After conducting an ANOVA in R, the TukeyHSD() function performs the post-hoc analysis, allowing for an examination of pairwise mean differences with adjusted confidence intervals:

tukey_result <- TukeyHSD(fit, conf.level = C)
plot(tukey_result)

This code conducts a TukeyHSD test and then plots the confidence intervals for the mean differences between groups. The plot visually represents the magnitude of differences and their statistical significance, offering an intuitive understanding of which groups significantly differ from each other.

Example: Educational Product Assesment

(Data Set: eduproduct.csv) Evaluation of a New Educational Product. A company designed two versions of a new educational product to improve children’s reading comprehension. They would like to claim that children would acquire better reading comprehension skills utilizing either of the two versions than with the traditional approach. You are helping the company to prepare the marketing material, which will include the results of a study conducted to compare the two versions of the new product with the traditional method. The standard method is called Basal (B), and the two variations of the new method are called DRTA (D) and Strat (S).

Education researchers randomly divided 66 children into three groups of \(22\). Each group was taught by one of the three methods. The response variable is a measure of reading comprehension called Comp that was obtained by a test taken after the instruction was completed.

The study aims to determine which of three educational methods most effectively improves children’s reading comprehension. Through visual and statistical analysis, including ANOVA at a \(\alpha=0.05\) significance level, we will identify any significant differences in efficacy between methods. If significant differences are found, post-hoc analysis will identify which methods stand out.
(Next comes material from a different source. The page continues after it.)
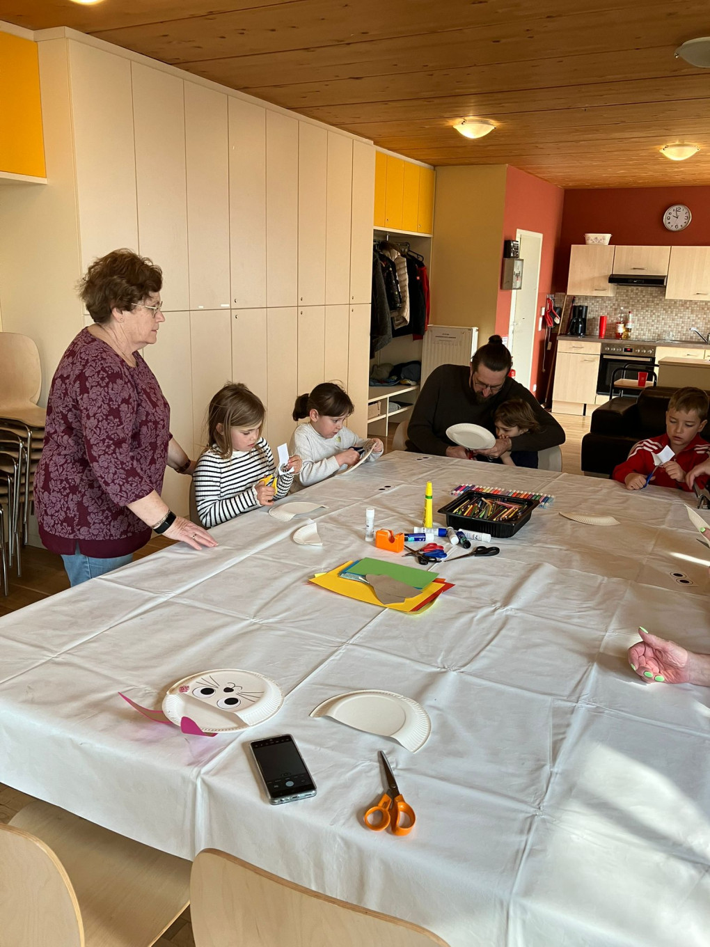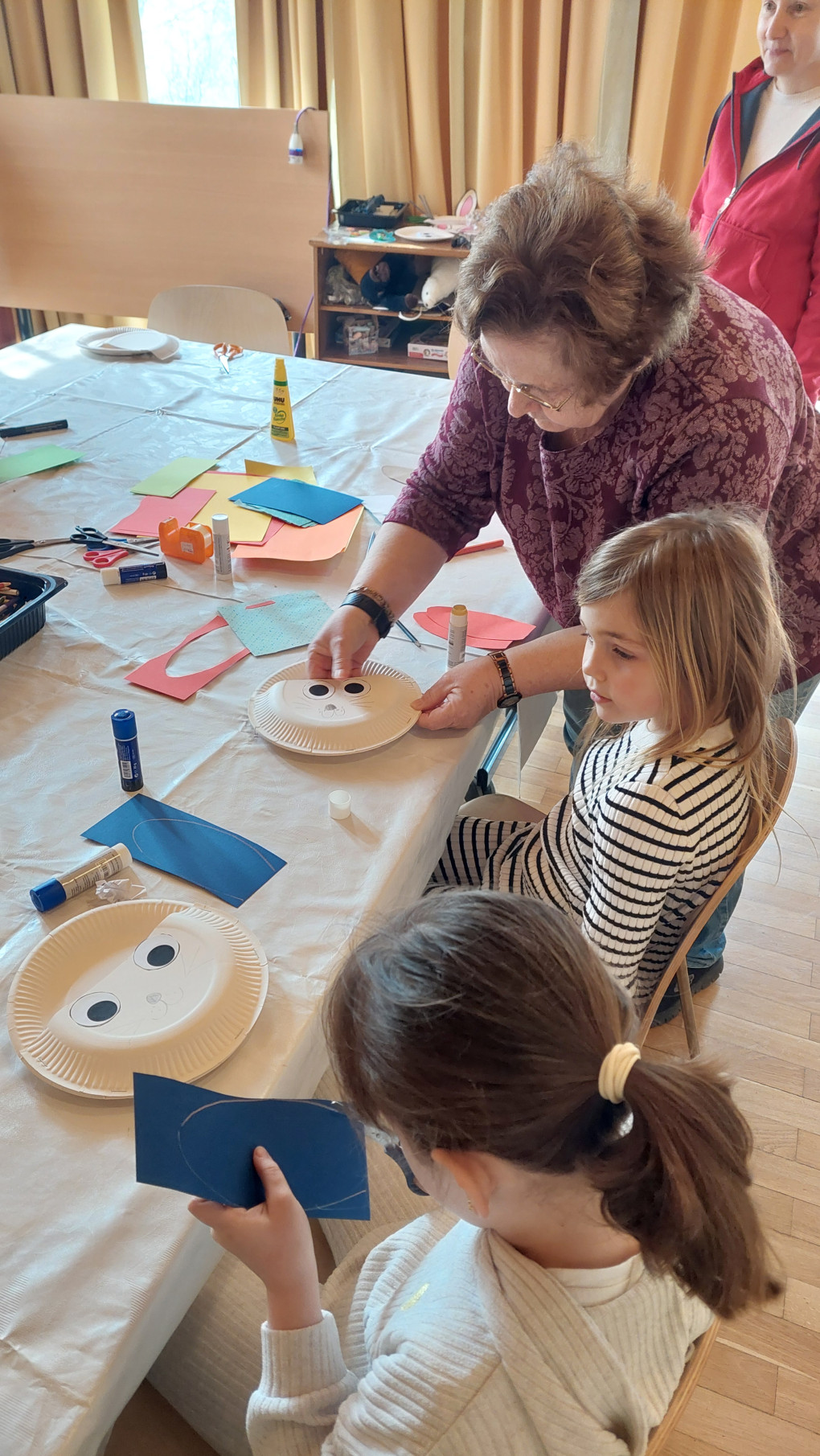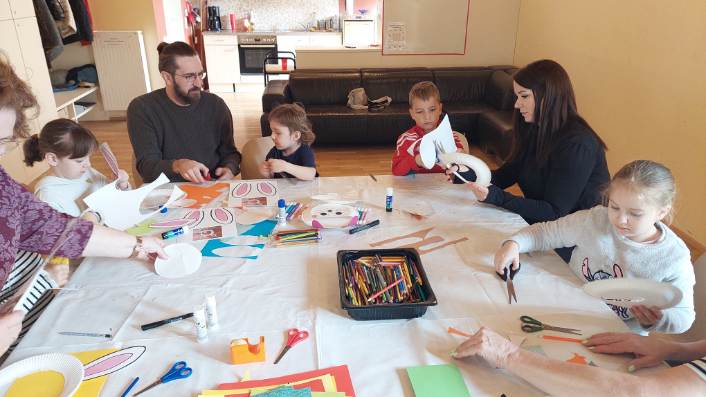 Bei den Kinderfreunden wird fleißig für den Osterhasen gebastelt: eine Maske, ein Körbchen und ein Handabdruck entstehen. Während der Osterhase die Nester versteckt, wird eine liebe Geschichte aus der Osterhasenwerkstatt vorgelesen – passend zum Vorlesetag. Danach darf sich jedes Kind ein kleines Buch aussuchen, bevor alle gemeinsam auf die Suche nach den versteckten Osterkörbchen und bunten Ostereiern gehen.

The results will be summarized in a report that interprets the educational impact in straightforward terms, accessible to a general audience.
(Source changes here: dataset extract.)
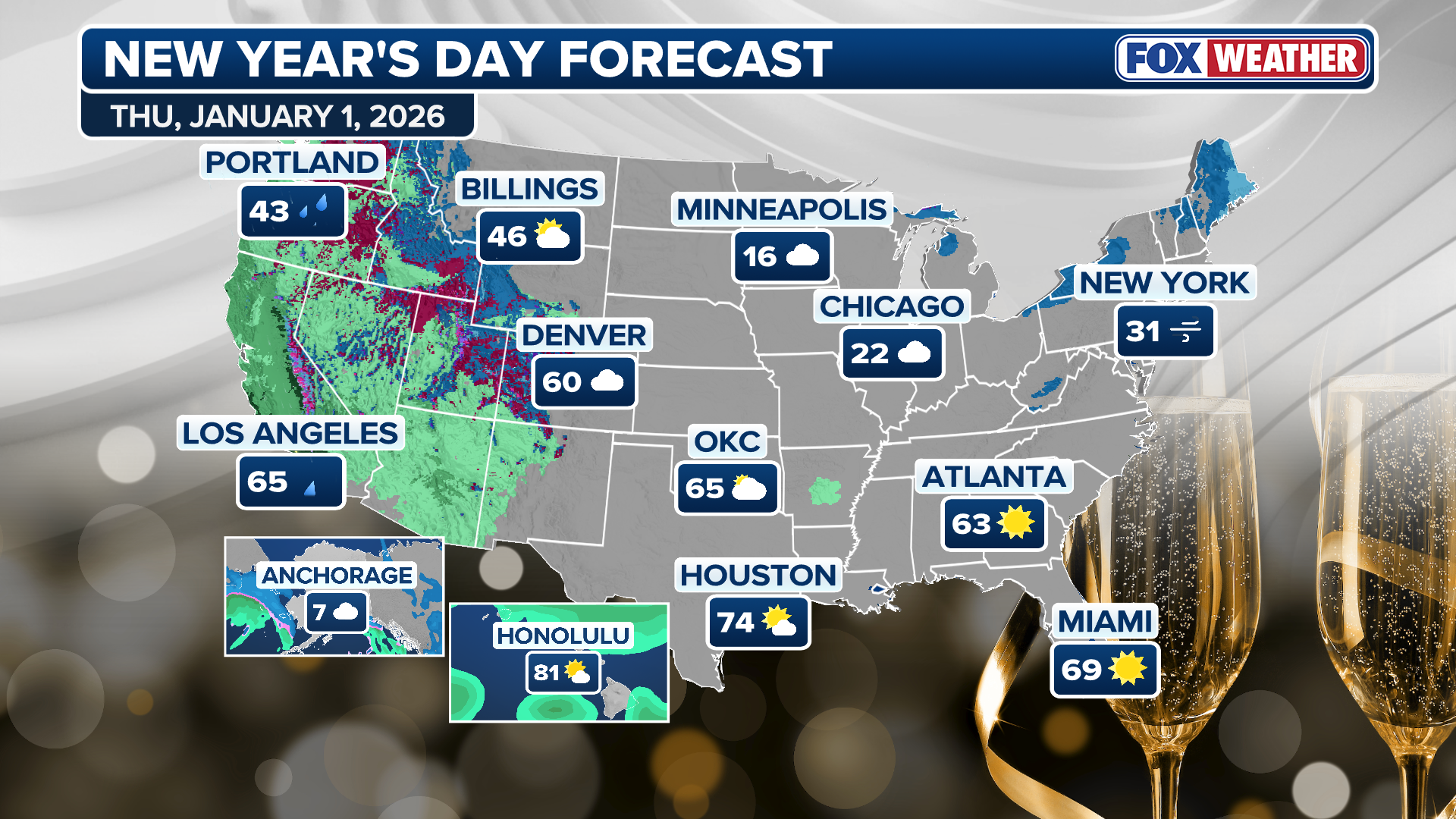 On New Year’s Day, cities such as Los Angeles can expect temperatures of 65 degrees and rain. San Francisco will also see rainfall, with temperatures near 58 degrees. The city is under a Coastal Flood Advisory until Sunday.

Load data and generate effects plot

edu.df <- read.csv("Data/eduproduct.csv", header = TRUE)

# Convert to factor variable
edu.df$GroupName <- factor(edu.df$GroupName)


ggplot(data = edu.df, aes(x = GroupName, y = Comp)) +
  stat_summary(fun = mean, geom = "point") + 
  stat_summary(fun = mean, geom = "line", aes(group = 1)) +
  ggtitle("Effects Plot of Comp by GroupName")
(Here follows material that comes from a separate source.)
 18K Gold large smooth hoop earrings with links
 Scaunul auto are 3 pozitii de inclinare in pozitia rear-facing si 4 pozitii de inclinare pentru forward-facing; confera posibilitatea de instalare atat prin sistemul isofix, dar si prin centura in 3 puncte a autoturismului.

The effects plot offers a succinct visualization of the impacts associated with various educational approaches: the traditional Basal (B), and the innovative DRTA (D) and Strat (S) methodologies. Particularly in the context of a one-way ANOVA, this plot becomes helpful for post-hoc analysis following the determination of statistical significance. It facilitates an immediate, clear comparison of the mean outcomes for each educational method. By delineating the relative performance of B, D, and S, the effects plot conveys the practical ranking among these methods based on their average impacts on reading comprehension (B<S<D).

Compute groupwise statistics

n <- tapply(edu.df$Comp, edu.df$GroupName, length)
xbar <- tapply(edu.df$Comp, edu.df$GroupName, mean)
s <- tapply(edu.df$Comp, edu.df$GroupName, sd)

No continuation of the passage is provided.